The new policy proposes that F, J, and M nonimmigrants who fail to maintain their nonimmigrant status before August 9, 2018, will begin accruing unlawful presence on that day.

Generally, F, J, and M nonimmigrants who fail to maintain their nonimmigrant status on or after August 9, 2018, will begin to accrue unlawful presence the day after they abandon their course of study or authorized activity, or engage in an unauthorized activity.

Current Policy

Since 1997, it has been USCIS policy to begin calculating the accrual of unlawful presence, for a F or J nonimmigrant admitted to the United States in duration of status (D/S), one day after finding the nonimmigrant in violation of their nonimmigrant status while adjudicating a request for another immigration benefit (such as a change of status petition) or on the day after an immigration judge has ordered the exclusion, removal, or deportation of the nonimmigrant, whichever comes first.

F, J, and M nonimmigrants admitted for a specified date (not D/S) began to accrue unlawful presence on the day their Form I-94 expired, on the day after finding the nonimmigrant in violation of their nonimmigrant status while adjudicating a request for another immigration benefit (such as a change of status petition) or on the day after an immigration judge has ordered the exclusion, removal, or deportation of the nonimmigrant, whichever comes first.

DHS recently conducted a study to determine the number of nonimmigrants in F, J, or M status who have overstayed. For FY 2016, DHS calculated that out of a total of 1,456,556 aliens in F, J, and M nonimmigrant status expected to change status or depart the United States, 6.19% of F nonimmigrants, 3.80% of J nonimmigrants, and 11.60% of M nonimmigrants actually overstayed their status.
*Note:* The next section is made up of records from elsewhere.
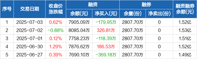 融资方面,当日融资买入618.75万元,融资偿还798.7万元,融资净偿还179.95万元。融券方面,融券卖出0份,融券偿还0份,融券余量2807.7万份,融券余额7285.98万元。融资融券余额合计1.52亿元。
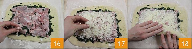 Dann legen Sie die Schinkenscheiben 16 darauf und würzen mit dem geriebenen Grana Padano 17. Jetzt falten Sie den Spinat-Gnoccone von der längeren Seite 18
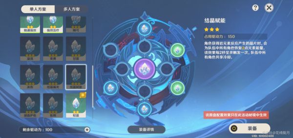结晶赋能:蓝色品质,可和其它品质一起装备,负重150,结晶反应全队充能机制,同理结晶偏光,根据队伍配置选择~
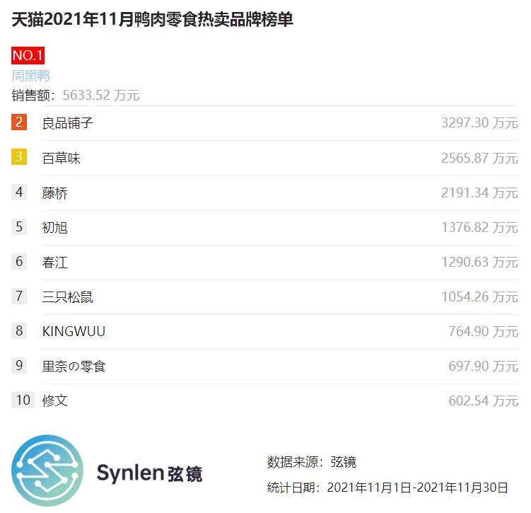根据电商数据搜索工具——“弦镜”数据显示,天猫平台11月鸭肉零食热卖品牌榜单,第一名周黑鸭,销售额为5633.52万元。第二名良品铺子,销售额为3297.30万元。第三名百草味,销售额为2565.87万元。从第四名到第十名分别为藤桥、初旭、春江、三只松鼠、KINGWUU、里奈の零食、修文。
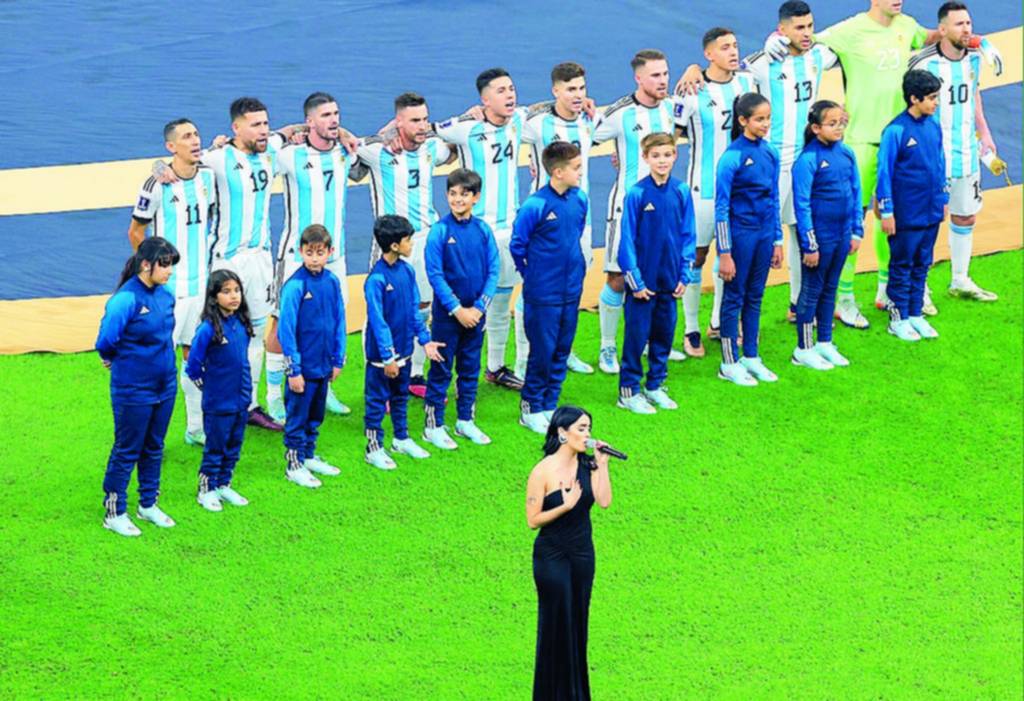 La actriz y cantante Lali Espósito entonó ayer el Himno Nacional en la ceremonia previa a la final de la Copa del Mundo.
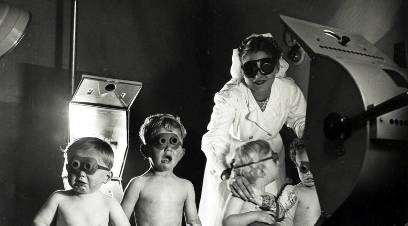 В общем, сначала удалось разобраться со вторым пунктом, когда активнее стал применяться синтетический диоксид кремния. А вот с безопасностью применения – вопрос оставался острым. Так как безопасность гарантировать самой лампой не удавалось, то приходилось ограничивать применение профессиональной отраслью (когда работник, использующий лампу проходит соответствующий инструктаж по Технике Безопасности перед началом работы), и также вводить пассивные средства защиты – непрозрачные очки. Использовались они как при обработке ультрафиолетом помещения и воздуха в нем, так и при непродолжительной (не более 2-3-5 минут) процедуре «кварцевания» (загорание с получением «солнечного» витамина D). Как это выглядело в реальности – можете ознакомиться на фотографии.
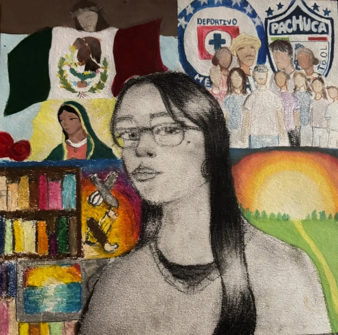 I named this piece True Nature due to the background to myself. After deep thought I was able to recognize the true elements that make me, me not only as an artists, student, daughter etc but as a whole. I realized above all not only one makes me, me but my hobbies, my culture, my loved ones, and my environment brings light into my life and have made me who I am today. At the end I decided on charcoal to be at the center of of my piece to show me in black in white but the outside parts made bringing light and life and the different mediums of watercolor, acrylic paint, color pencils, and oil pastels represents the difference in all of them yet still colorful and meaningful to me.

This minuscule percentage has caused USCIS to revise its policy and change how the accrual of unlawful presence is calculated for this demographic.

New Policy Proposal

According to the memorandum, the revised policy would take effect on August 9, 2018 with respect only to F, J, or M non-immigrants and their dependents:

The new policy clarifies that F, J and M nonimmigrants, and their dependents, admitted or otherwise authorized to be present in the United States in duration of status (D/S) or admitted until a specific date (date certain), start accruing unlawful presence as outlined below:

F, J, or M nonimmigrants who failed to maintain nonimmigrant status before August 9, 2018.

F, J, or M nonimmigrants who fail to maintain their nonimmigrant status before August 9, 2018, start accruing unlawful presence based on that failure, on August 9, 2018, unless the alien had already started accruing unlawful presence on the earliest of the following:

  • The day after DHS denied the request for an immigration benefit, if DHS made a formal finding that the alien violated his or her nonimmigrant status while adjudicating a request for another immigration benefit;
  • The day after the Form I-94, Arrival/Departure Record, expired, if the F, J, or M nonimmigrant was admitted for a date certain; or
  • The day after an immigration judge or, in certain cases, the Board of Immigration Appeals (BIA),9 ordered the alien excluded, deported, or removed (whether or not the decision is appealed).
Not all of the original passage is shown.